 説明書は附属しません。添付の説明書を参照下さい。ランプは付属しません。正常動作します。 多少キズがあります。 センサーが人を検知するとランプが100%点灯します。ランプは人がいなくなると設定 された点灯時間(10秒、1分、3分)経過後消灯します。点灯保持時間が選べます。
------------------------------------
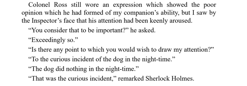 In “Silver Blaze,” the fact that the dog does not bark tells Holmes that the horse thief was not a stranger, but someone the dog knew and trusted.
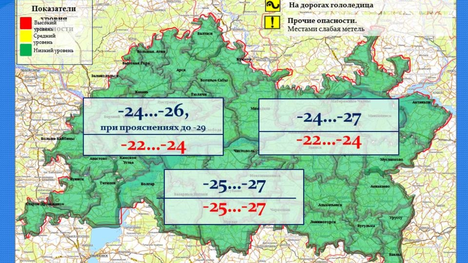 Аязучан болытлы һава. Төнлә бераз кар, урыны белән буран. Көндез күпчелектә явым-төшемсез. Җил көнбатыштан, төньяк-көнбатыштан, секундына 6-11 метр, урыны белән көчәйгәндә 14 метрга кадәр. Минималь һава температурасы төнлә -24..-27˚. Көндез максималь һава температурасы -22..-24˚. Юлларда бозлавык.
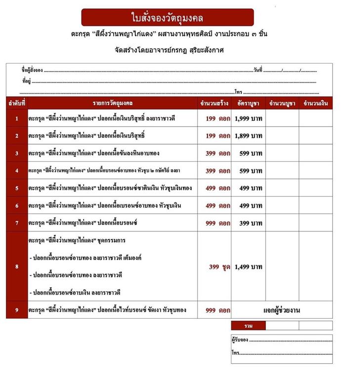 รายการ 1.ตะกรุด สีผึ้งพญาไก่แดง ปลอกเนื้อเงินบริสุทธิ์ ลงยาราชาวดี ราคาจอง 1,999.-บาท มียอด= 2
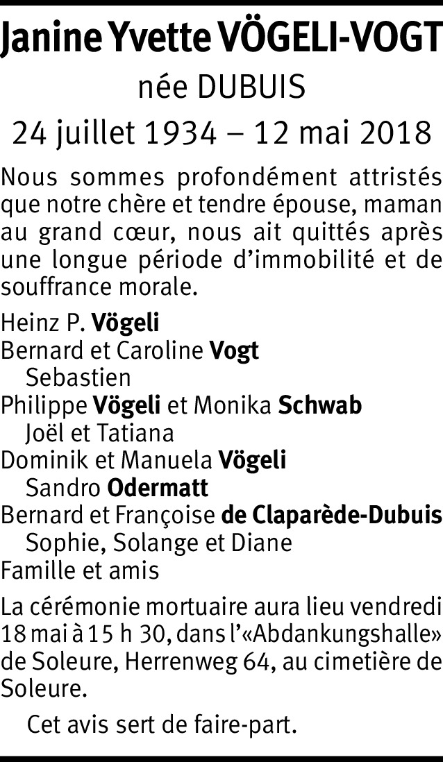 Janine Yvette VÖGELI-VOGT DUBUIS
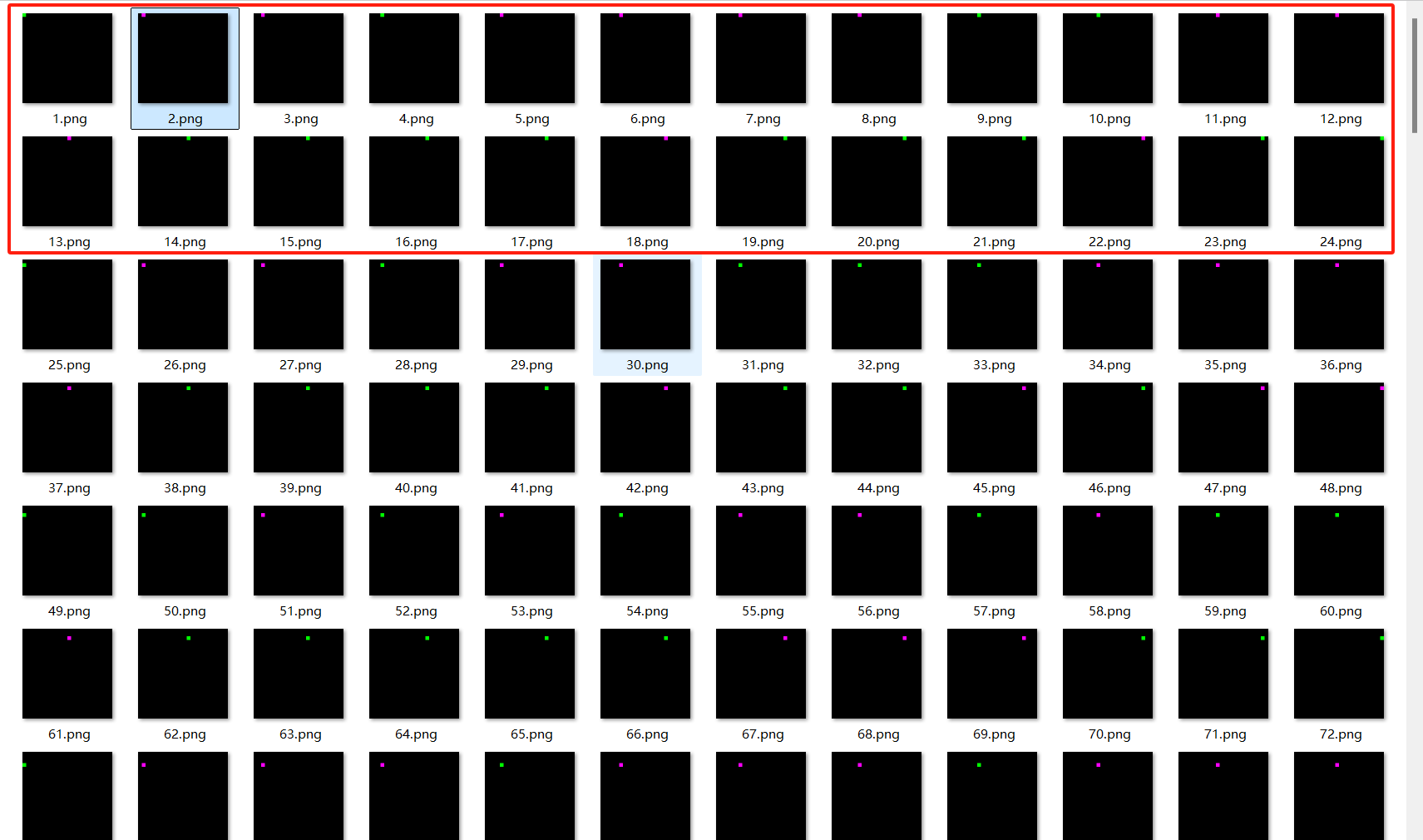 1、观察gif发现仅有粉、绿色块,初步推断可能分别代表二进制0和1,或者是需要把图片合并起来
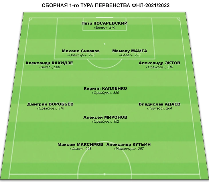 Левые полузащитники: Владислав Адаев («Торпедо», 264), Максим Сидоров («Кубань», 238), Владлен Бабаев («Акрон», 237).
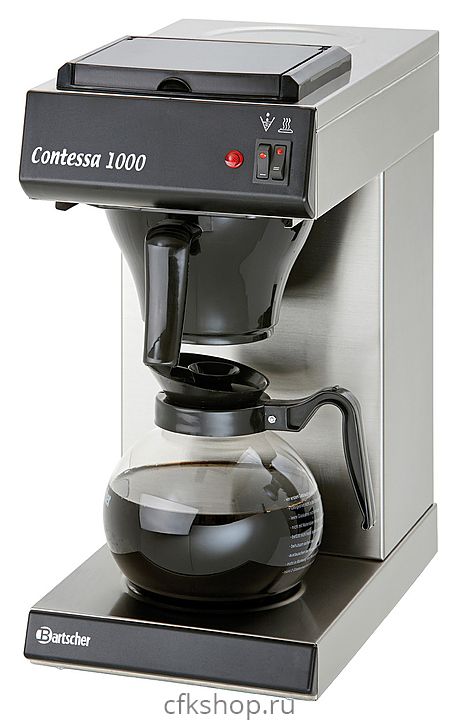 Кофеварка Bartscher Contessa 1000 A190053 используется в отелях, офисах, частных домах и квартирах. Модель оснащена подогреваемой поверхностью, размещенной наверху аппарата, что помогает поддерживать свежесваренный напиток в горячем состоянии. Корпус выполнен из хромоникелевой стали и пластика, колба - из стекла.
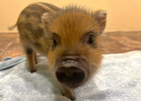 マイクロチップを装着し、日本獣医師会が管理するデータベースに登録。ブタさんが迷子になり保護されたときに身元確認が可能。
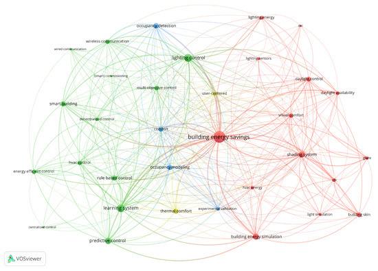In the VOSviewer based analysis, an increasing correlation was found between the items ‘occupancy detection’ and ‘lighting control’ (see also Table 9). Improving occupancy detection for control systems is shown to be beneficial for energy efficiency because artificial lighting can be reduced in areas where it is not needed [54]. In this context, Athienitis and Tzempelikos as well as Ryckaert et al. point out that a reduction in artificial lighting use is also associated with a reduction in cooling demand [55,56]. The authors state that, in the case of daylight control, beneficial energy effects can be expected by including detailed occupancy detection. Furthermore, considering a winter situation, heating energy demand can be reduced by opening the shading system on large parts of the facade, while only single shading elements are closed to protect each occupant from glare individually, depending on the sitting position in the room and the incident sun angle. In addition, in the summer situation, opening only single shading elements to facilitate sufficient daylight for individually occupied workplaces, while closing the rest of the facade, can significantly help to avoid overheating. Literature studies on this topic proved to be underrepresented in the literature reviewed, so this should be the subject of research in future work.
------------------------------------
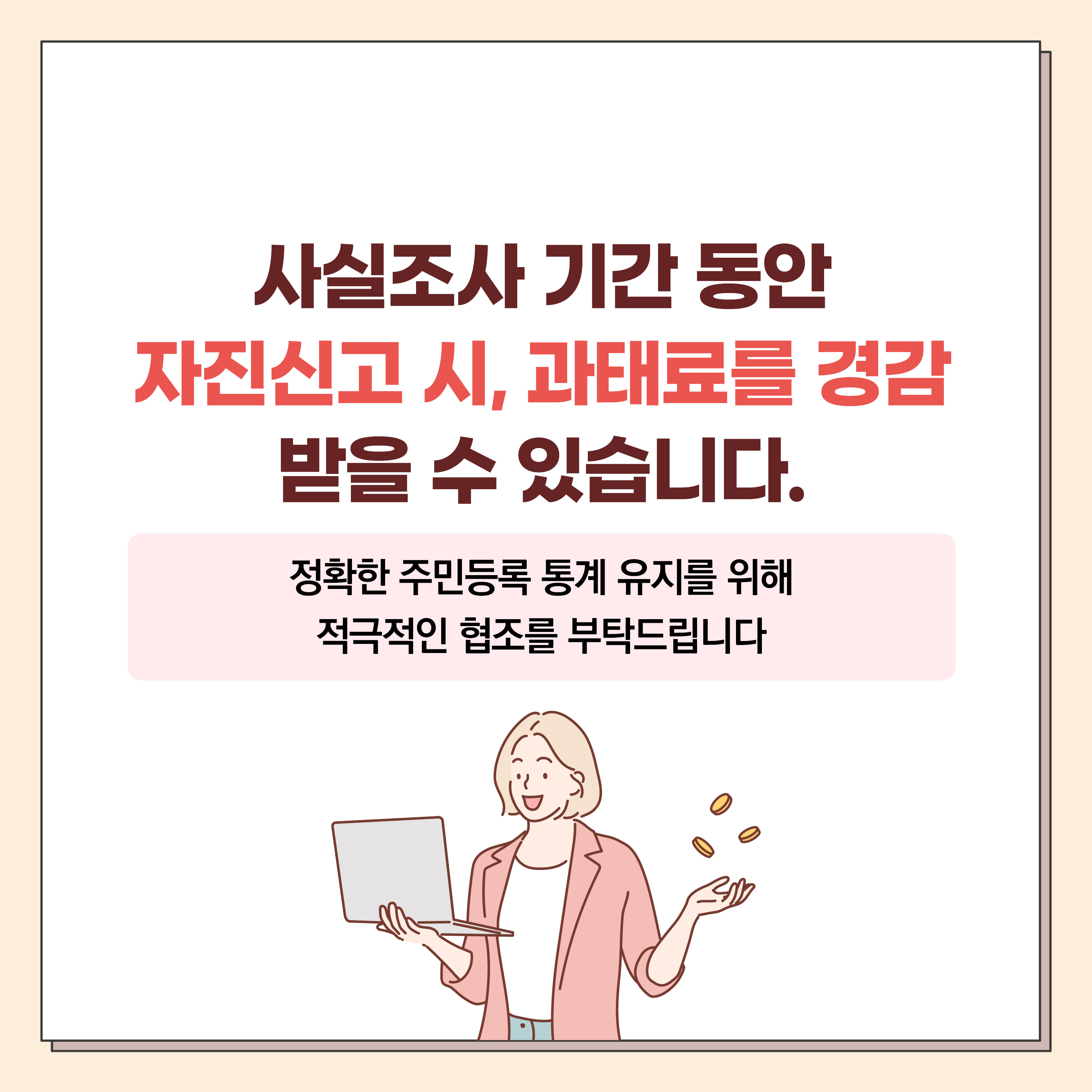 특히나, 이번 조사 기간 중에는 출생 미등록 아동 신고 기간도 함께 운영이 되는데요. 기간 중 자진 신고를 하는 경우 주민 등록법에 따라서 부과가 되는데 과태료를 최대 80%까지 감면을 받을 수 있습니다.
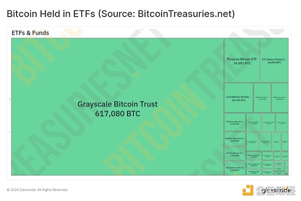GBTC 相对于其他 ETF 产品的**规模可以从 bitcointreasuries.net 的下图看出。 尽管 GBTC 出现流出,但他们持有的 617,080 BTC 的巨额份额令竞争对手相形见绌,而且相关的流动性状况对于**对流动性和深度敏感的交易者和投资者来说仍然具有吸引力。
------------------------------------
▶ _YOUR OBJECTIVE_: Output only the stretch above from the line with "1、观察gif发现仅有粉、绿" through the line with "マイクロチップを装着し、日本", reproduced exactly. Exclude pictures.

▶ _FINISHED EXERCISE_:
 1、观察gif发现仅有粉、绿色块,初步推断可能分别代表二进制0和1,或者是需要把图片合并起来
 Левые полузащитники: Владислав Адаев («Торпедо», 264), Максим Сидоров («Кубань», 238), Владлен Бабаев («Акрон», 237).
 Кофеварка Bartscher Contessa 1000 A190053 используется в отелях, офисах, частных домах и квартирах. Модель оснащена подогреваемой поверхностью, размещенной наверху аппарата, что помогает поддерживать свежесваренный напиток в горячем состоянии. Корпус выполнен из хромоникелевой стали и пластика, колба - из стекла.
 マイクロチップを装着し、日本獣医師会が管理するデータベースに登録。ブタさんが迷子になり保護されたときに身元確認が可能。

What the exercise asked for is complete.